La grande misère de l’Aviation légère de l’armée de terre

LE colonel Royal, auteur du texte ci-contre, est le propagandiste attitré de l’armée de terre et de son chef d’état-major. A ce titre il « communique » selon les canons du genre, donnant dans la langue de bois et le sophisme avec une rare morgue. Il suffit de le contredire au téléphone pour qu’il vous raccroche au nez… Quand nous citons des rapports parlementaires incontestables qui soulignent régulièrement, depuis dix ans environ, la grande misère de l’Aviation légère de l’armée de terre, la « situation alarmante » de sa flotte d’hélicoptères et d’avions légers, le colonel Royal nous accuse de pratiquer un « amalgame » coupable entre sécurité des vols et manque de moyens, carence en pièces de rechange, disponibilité des appareils et destin des équipages.

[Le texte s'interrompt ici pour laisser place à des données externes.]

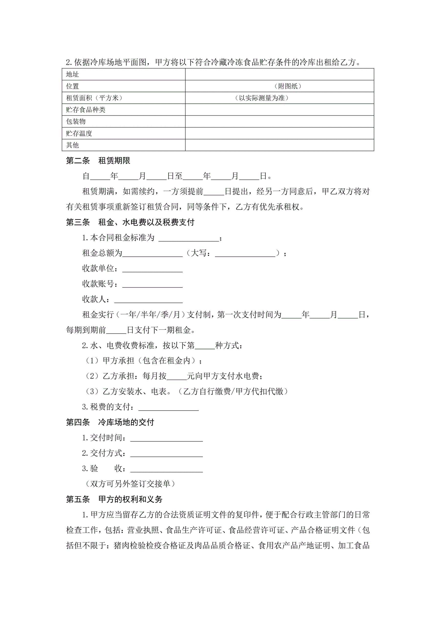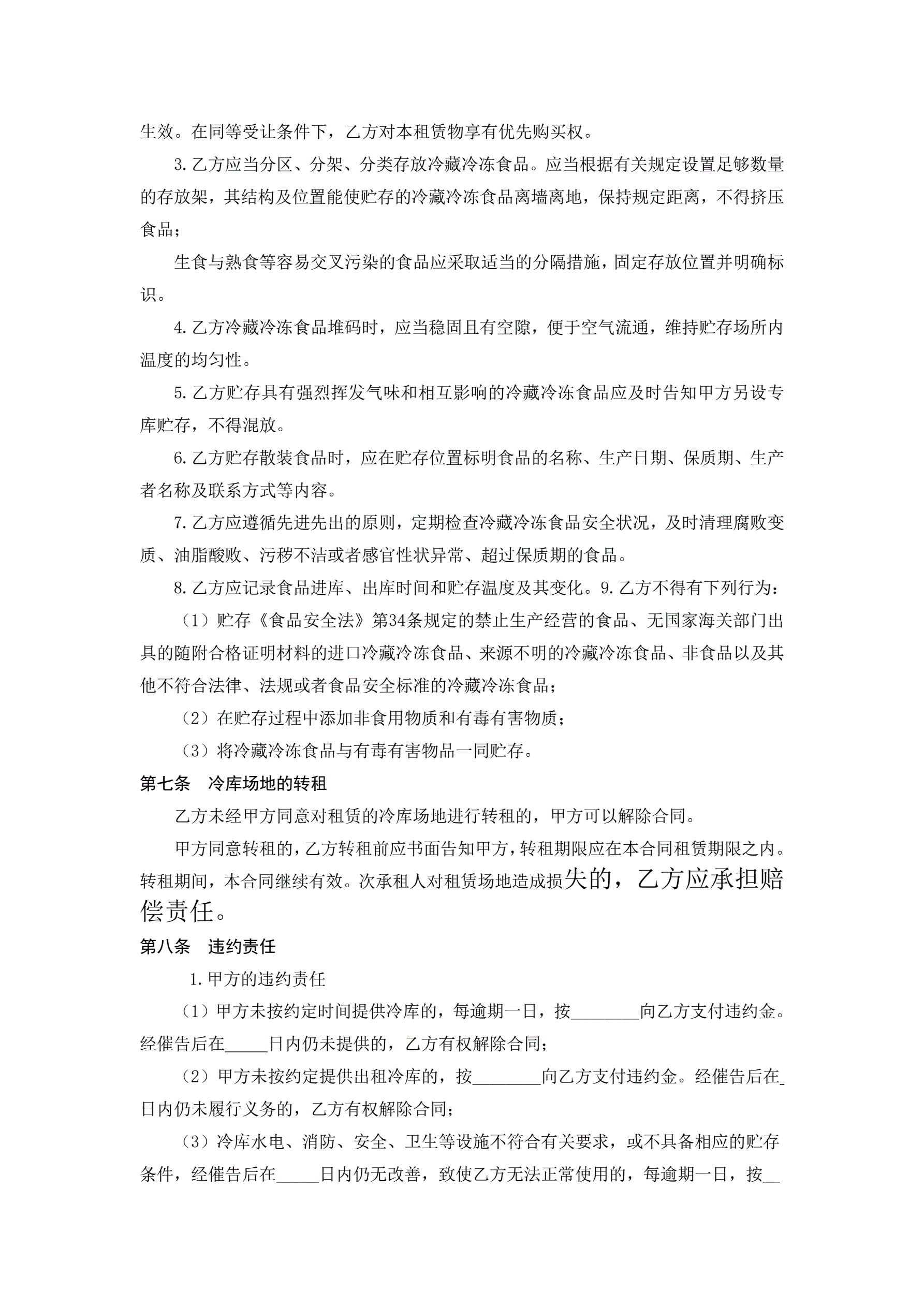 冷藏冷冻食品仓库租赁合同(示范文本)

Il est bien évident qu’il n’y a aucun lien entre ces différents paramètres et qu’il est tout à fait normal de voir nos militaires partir en opérations à bord de machines dont certaines ne devraient plus s’illustrer hors du musée de l’Air. 

Si les Cougar n’ont que 18 ans d’âge en moyenne, les pauvres vieux Puma en ont 34, quant aux Transall, dont la mise en service remonte à 1967, ils ne valent guère mieux. Leur maintien en conditions opérationnelles est de plus en plus difficile. Ceux qui sont en opérations extérieures (opex) ne volent qu’au prix de la cannibalisation des appareils cloués au sol en métropole. C’est qu’il faut utiliser au maximum le potentiel de ces avions avant de les retirer du service, et pour cause, le premier vol de l’A-400 M n’est pas attendu avant juin 2009, avec beaucoup de chance. D’ici à 2015, date originellement prévue de l’adieu aux armes des Transall, il faudra rudement bricoler ! 

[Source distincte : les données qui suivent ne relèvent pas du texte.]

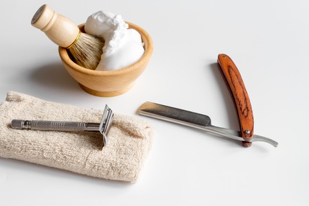 A razor and a brush with wooden handles and a foam bowl on a white table. Men's accessories for appearance care.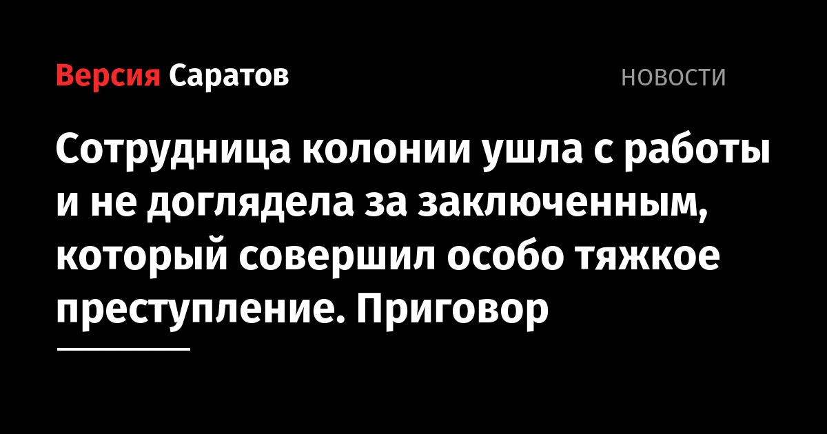 Установлено, что подсудимая работала в должности оператора группы надзора отдела безопасности исправительного учреждения. В январе 2022 года женщина, находясь на службе, халатно, то есть не исполняя свои должностные обязанности, самовольно покинула пост оператора поста видеоконтроля. Жительница Красноармейского района перестала следить за заключенными. В это время один из них совершил особо тяжкое преступление (какое именно, не уточняется).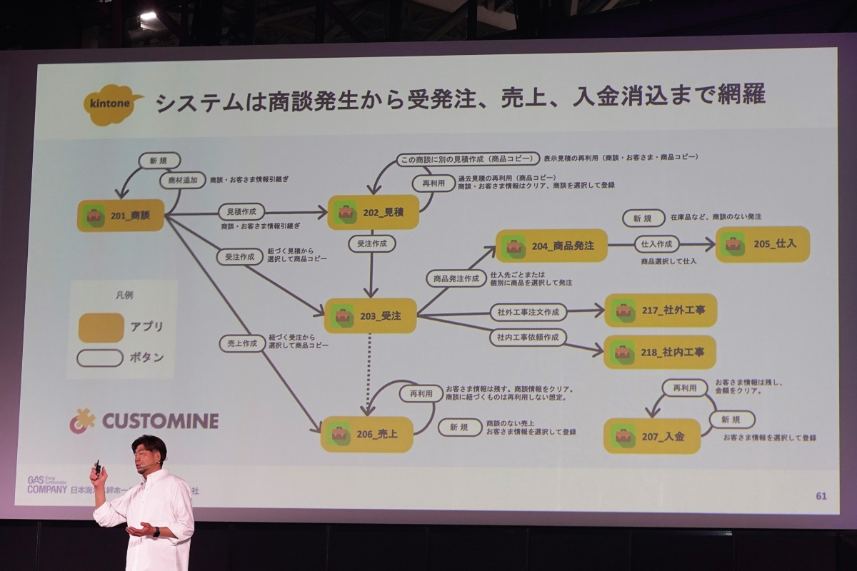 こうしてプロジェクトは再び動き出し、本丸である販売管理のkintone化に着手。社員だけで高額なパッケージシステムに匹敵する販売管理アプリを作り上げた。

Pour une heure de vol en Puma, il faut 12 heures de mécanique au sol… Moralité, les pilotes de l’Alat volent de moins en moins, font de la paperasse ad nauseam, du contrôle de masques à gaz ou d’extincteurs, du nettoyage des hangars, et du tableau Excel à tire-larigot, en bons « sous-offs » de la « bife ». Pas bon pour le moral… Et ce même dans l’unité d’élite de l’Alat, le Daos (Détachement Alat des opérations spéciales) dont faisait partie le Cougar qui s’est malheureusement écrasé au Gabon. 

Lorsqu’ils sont en métropole, nombre d’équipages se retrouvent « hors carte » faute d’avoir assez volé pour être opérationnels… Or un pilote, pour disposer de tous ses moyens, doit voler réellement au moins 180 heures, on en est loin ; à moins de passer tout son temps en opérations extérieures. De fait, l’Alat manque de pilotes… opérationnels, ou pas. Et ceux qui parviennent à maintenir administrativement leur « carte », déplorent manquer d’heures de vol d’entraînement au combat. Les militaires s’en plaignent amèrement et témoignent de leur « blues » sur nombre de sites spécialisés, d’amateurs de voilures tournantes, de fanas d’hélicos ou de « fanas-mili ». Là ils peuvent s’exprimer sans risque de représailles de leur hiérarchie. De jeunes retraités témoignent aussi de leur désenchantement et des vétérans comparent le triste présent de l’Alat à leur expérience… 

Pour en revenir au matériel, y compris le plus récent, Tigre, Cougar ou Caracal, il est victime de l’obsolescence des Puma entre autres Gazelle et Fennec ; il subit une surexeploitation qui en accélère le vieillissement. 

On est là dans un cercle non seulement vicieux mais absurde. Faute de moyens, pour faire des économies sur les budgets de la Défense, on retarde les programmes de modernisation des appareils. Le maintien en service d’antiquités revient de plus en plus cher, beaucoup plus coûteux en fait, que les économies réalisées par les coupes budgétaires, et l’usure prématurée des appareils plus récents induit là encore des surcoûts… Comment imaginer qu’un tel contexte global ne se répercute pas sur la « sécurité » ? Il faut être officier très-supérieur, avec voiture de fonction, chauffeur et spécialisation en opex cocktails & petits-fours pour oser soutenir une thèse pareille ! 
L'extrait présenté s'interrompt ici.